■ How to complete this task: Please print nothing but the lines from the one containing "The Christmas Holiday" to the final line below, exactly, and no pictures.

■ Collected data:

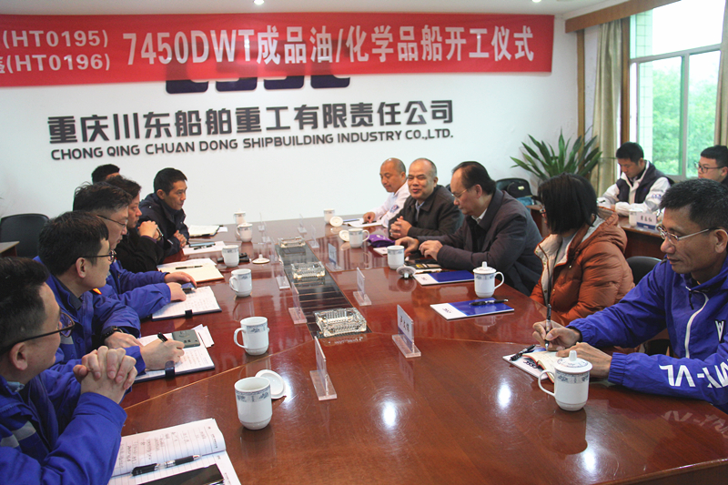 隨著點(diǎn)火按鈕的啟動(dòng),標(biāo)志著由公司承建的兩艘7450噸化學(xué)品船正式開工。儀式結(jié)束后,與會(huì)領(lǐng)導(dǎo)陪同船東、船級(jí)社各代表參觀了公司的船舶生產(chǎn)線,召開了三方座談會(huì)。會(huì)上,陳光匯報(bào)了公司就該項(xiàng)目所做的努力及生產(chǎn)情況,聽取了CCS船級(jí)社涂建川的建議,船東代表歐少東提出希望公司能保質(zhì)按期交付船舶。
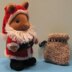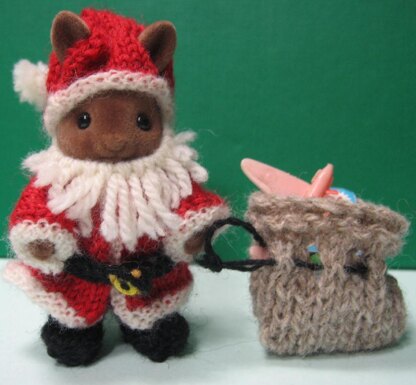 The Christmas Holiday reminds us of the traditional visit of Santa Claus to your miniature world. I have designed this pattern, available in pdf format, for the average knitter to attempt using standard yarn and needles. Instructions for these outfits are given to fit regular-sized adult Sylvanian Families (© acknowledged Flair Ltd) about 3½ inches tall. Standard Calico Critters and Forest Families figurines should also be able to wear this costume. The yarn required is regular 4ply fingering (or yarn sold as sock yarn and designed for knitting with size 2mm needles) in red, black and white. The white yarn may be thinner, right down to 1ply cobweb, and to give a furry effect the white trims should be brushed after completion. I made the beard in white sport DK yarn, but 2 strands of white 4ply (or several strands of 2ply or cobweb) worked as a single strand would give a good effect. For the sack, use any suitably coloured 4ply yarn with size 4mm (or 4.5mm or 3.5mm!) needles.
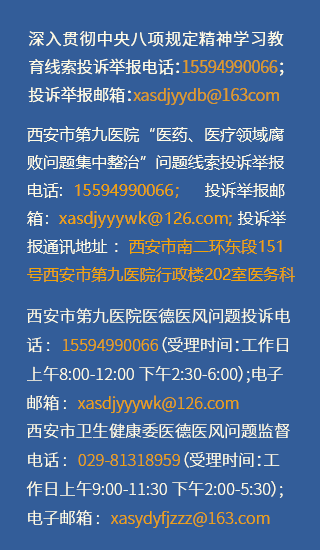 西安市第九医院成立于1958年,是一所集医疗、教学、科研、预防、保健、康复为一体的大型综合性现代化三甲医院。是国家住院医师规范化培训基地,西安市博士后创新基地,西北大学、延安大学医学院、西安医学院、陕西中医药大学临床教学医院及研究生联合培养基地。开放床位1500张,职工1800余人,其中专业技术人员1700余人,高级职称286人,博、硕士研究生414人,硕士生导师30人,国家、省市级专业学会主委、副主委100余人。共有临床医技科室52个(含沿线卫生所4个),设有心血管病院、脑血管病院、肿瘤病院、新丰精神病院4个院中院。

■ Exercise result:
 The Christmas Holiday reminds us of the traditional visit of Santa Claus to your miniature world. I have designed this pattern, available in pdf format, for the average knitter to attempt using standard yarn and needles. Instructions for these outfits are given to fit regular-sized adult Sylvanian Families (© acknowledged Flair Ltd) about 3½ inches tall. Standard Calico Critters and Forest Families figurines should also be able to wear this costume. The yarn required is regular 4ply fingering (or yarn sold as sock yarn and designed for knitting with size 2mm needles) in red, black and white. The white yarn may be thinner, right down to 1ply cobweb, and to give a furry effect the white trims should be brushed after completion. I made the beard in white sport DK yarn, but 2 strands of white 4ply (or several strands of 2ply or cobweb) worked as a single strand would give a good effect. For the sack, use any suitably coloured 4ply yarn with size 4mm (or 4.5mm or 3.5mm!) needles.
 西安市第九医院成立于1958年,是一所集医疗、教学、科研、预防、保健、康复为一体的大型综合性现代化三甲医院。是国家住院医师规范化培训基地,西安市博士后创新基地,西北大学、延安大学医学院、西安医学院、陕西中医药大学临床教学医院及研究生联合培养基地。开放床位1500张,职工1800余人,其中专业技术人员1700余人,高级职称286人,博、硕士研究生414人,硕士生导师30人,国家、省市级专业学会主委、副主委100余人。共有临床医技科室52个(含沿线卫生所4个),设有心血管病院、脑血管病院、肿瘤病院、新丰精神病院4个院中院。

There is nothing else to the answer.